#### WHAT TO WORK ON
Please output the listing exactly as it stands, but omit any images.

#### THE DATA
------------------------------
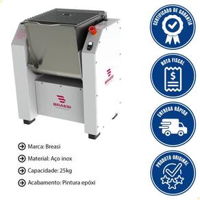 - A Masseira Basculante ou Semirrápida ALI-25 da marca Braesi é perfeita para padarias ou residências que desejam um produto econômico que possa realizar o mesmo trabalho que as mãos, porém sem desconforto e mais rapidamente;
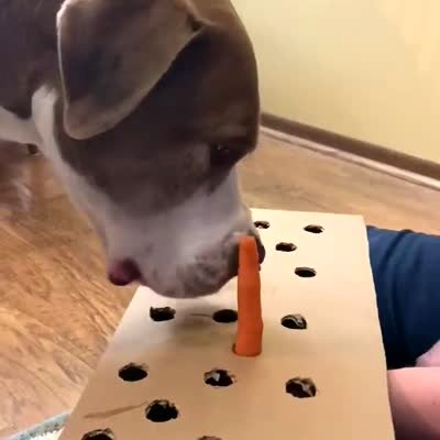A dog bites at a carrot as it goes through holes in a box. The dog then bites at the carrot and walks away with the carrot and the whole box.
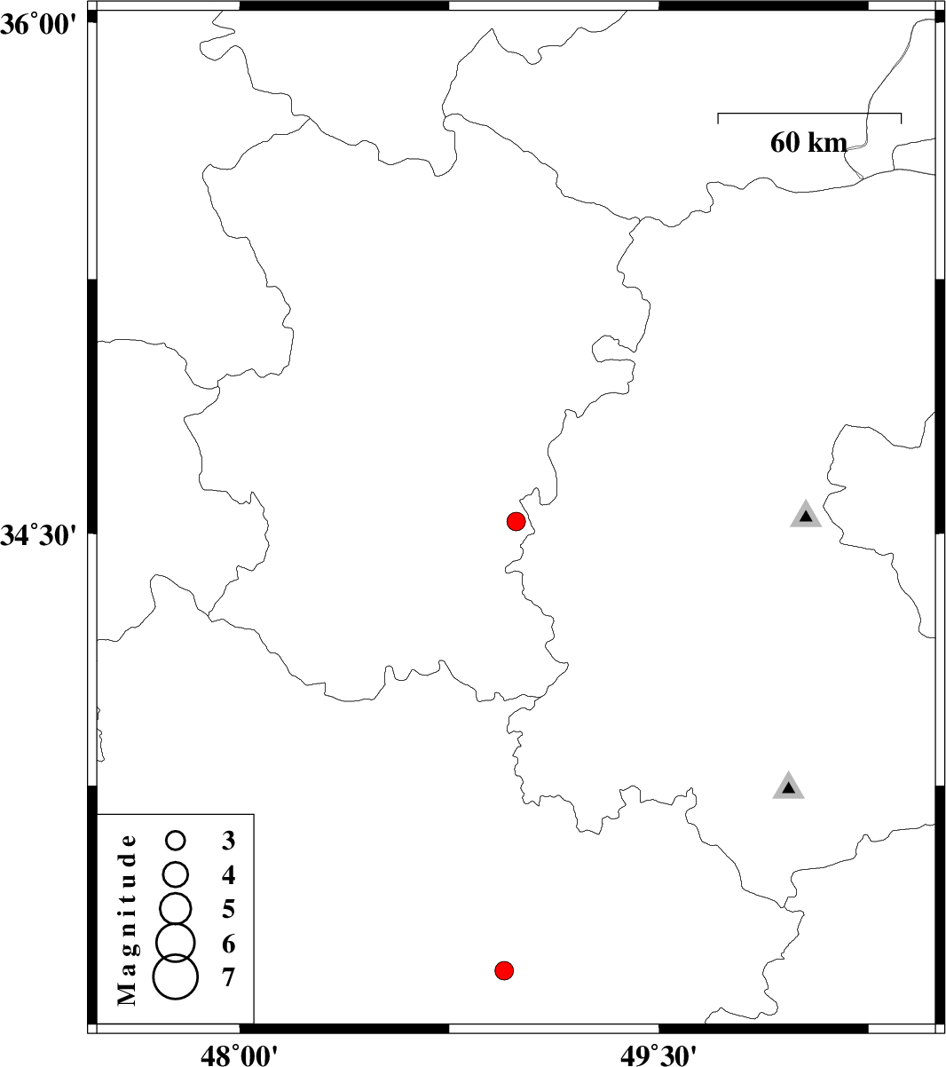 | 2022/10/11 | 05:12:50.8 | 08:42:50.8 | 34.535 | 48.989 | 12 | ML:3 | Hamedan Province, 31 km North-East of Malayer | ||
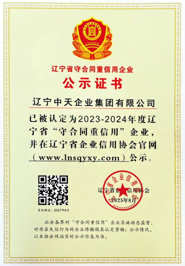 近日,中天集團憑借卓越的商業(yè)信譽和嚴謹?shù)穆募s能力,被遼寧省企業(yè)信用協(xié)會認定為2023-2024年度遼寧省“守合同重信用”企業(yè)和信用等級5A級企業(yè),這是集團自2005年以來連續(xù)20年獲此殊榮。這一榮譽不僅是對集團長期以來堅持誠信經(jīng)營的高度認可,更是對企業(yè)在打造品牌、服務(wù)社會方面不懈追求的充分肯定。
------------------------------
#### EXPECTED OUTPUT
 - A Masseira Basculante ou Semirrápida ALI-25 da marca Braesi é perfeita para padarias ou residências que desejam um produto econômico que possa realizar o mesmo trabalho que as mãos, porém sem desconforto e mais rapidamente;
A dog bites at a carrot as it goes through holes in a box. The dog then bites at the carrot and walks away with the carrot and the whole box.
 | 2022/10/11 | 05:12:50.8 | 08:42:50.8 | 34.535 | 48.989 | 12 | ML:3 | Hamedan Province, 31 km North-East of Malayer | ||
 近日,中天集團憑借卓越的商業(yè)信譽和嚴謹?shù)穆募s能力,被遼寧省企業(yè)信用協(xié)會認定為2023-2024年度遼寧省“守合同重信用”企業(yè)和信用等級5A級企業(yè),這是集團自2005年以來連續(xù)20年獲此殊榮。這一榮譽不僅是對集團長期以來堅持誠信經(jīng)營的高度認可,更是對企業(yè)在打造品牌、服務(wù)社會方面不懈追求的充分肯定。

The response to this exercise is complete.